0. 핵심 아이디어: Graph Sparcification

본 연구의 핵심 아이디어 sparse random graph이며, 다음과 같은 흐름으로 연구되었습니다.

self-attention → fully-connected graph: self-attention을 각 token들의 linking으로 본다면 fully-connected graph로 표현할 수 있음
fully-connected graph → sparse random graph: self-attention graph를 훨씬 더 크게, 그리고 sparse하게 만들면 훨씬 더 긴 sequence를 처리할 수 있으며 성능을 유지할 수 있음

1. Introduction

self-attention은 Transormer 논문에서 소개되었습니다. 다음과 같은 장점 때문에 매우 혁신적이라고 평가되었었습니다.

Self-attention mechanism은 parallel하게 계산할 수 있어 연상량을 높임. Self-attention 자체의 성능적 우수성도 연구결과를 통해 입증됨
RNN 모델 등에서 문제가 되는 sequential dependency를 해결함

Transormer 모델은 연산량이 길이의 제곱에 비례하기 때문에 input sequence 길이에 제한을 둡니다. 보통 512 token으로 많이 하는데, 대부분의 문헌의 특성상 corpus 자체의 크기는 매우 크지만 context의 길이 분포가 exponential 하기 때문에 사용하기에 큰 문제가 되지 않았떤 것이죠. 하지만 512 token보다 훨씬 긴 sequence에 대해서는 효과적이지 못하기 때문에 추가 연구가 많이 진행되었었습니다.

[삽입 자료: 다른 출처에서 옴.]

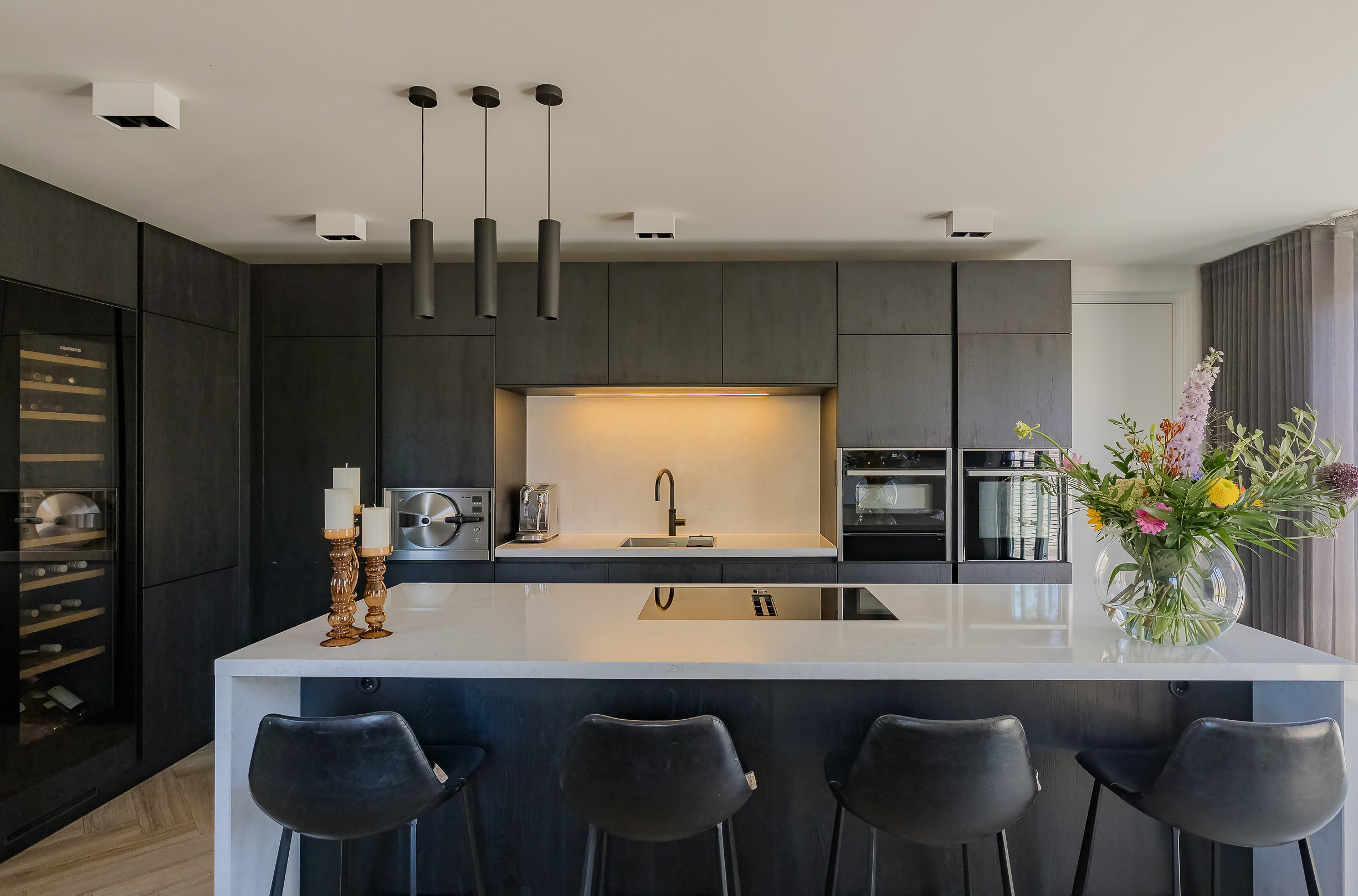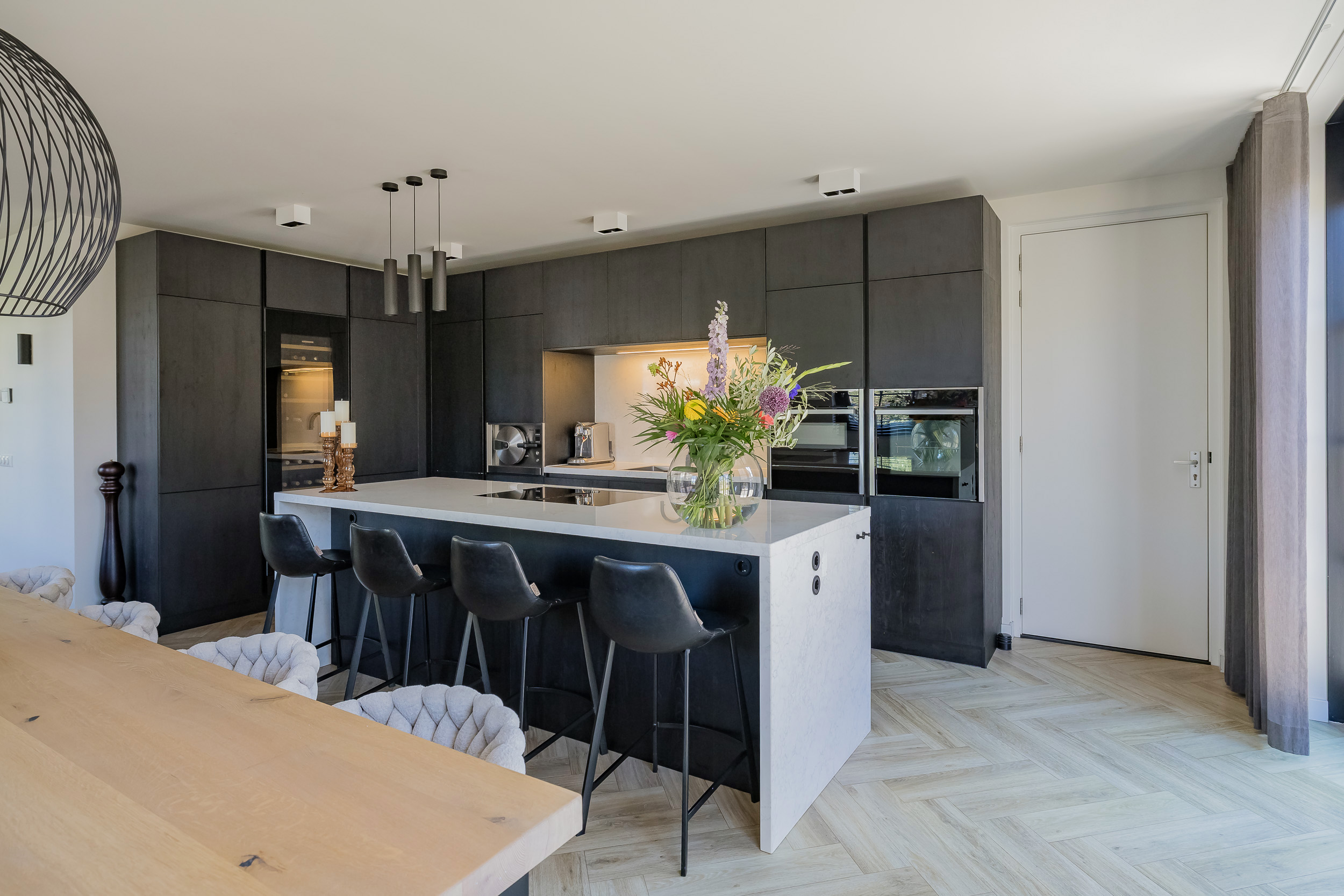 In the hall, with wardrobe and guest toilet, steel doors give access to the spacious, very bright living room with beautiful wall unit and a large bay window. At the rear of the house is the spacious kitchen with cooking island - perfect for getting together with family and friends. Two pairs of French doors to the garden allow the indoors and outdoors to flow effortlessly into one another. Thanks to the underfloor heating, you can enjoy a comfortable temperature here all year round.

(1) sequence 길이가 제한된 모델을 여러번 사용(sliding window): 문서를 쪼개서 모델에 여러번 입력하여 output을 cocantenate하여 사용하거나, 긴 문서에서 관련있는 부분만 찾는데 사용

(2) full attention을 탈피하고자 하는 연구들: masking 길이를 늘리거나 global token 수를 늘림

저자들은 다음과 같은 아이디어를 기반으로 Transformer 기반의 long sequence를 연구했습니다.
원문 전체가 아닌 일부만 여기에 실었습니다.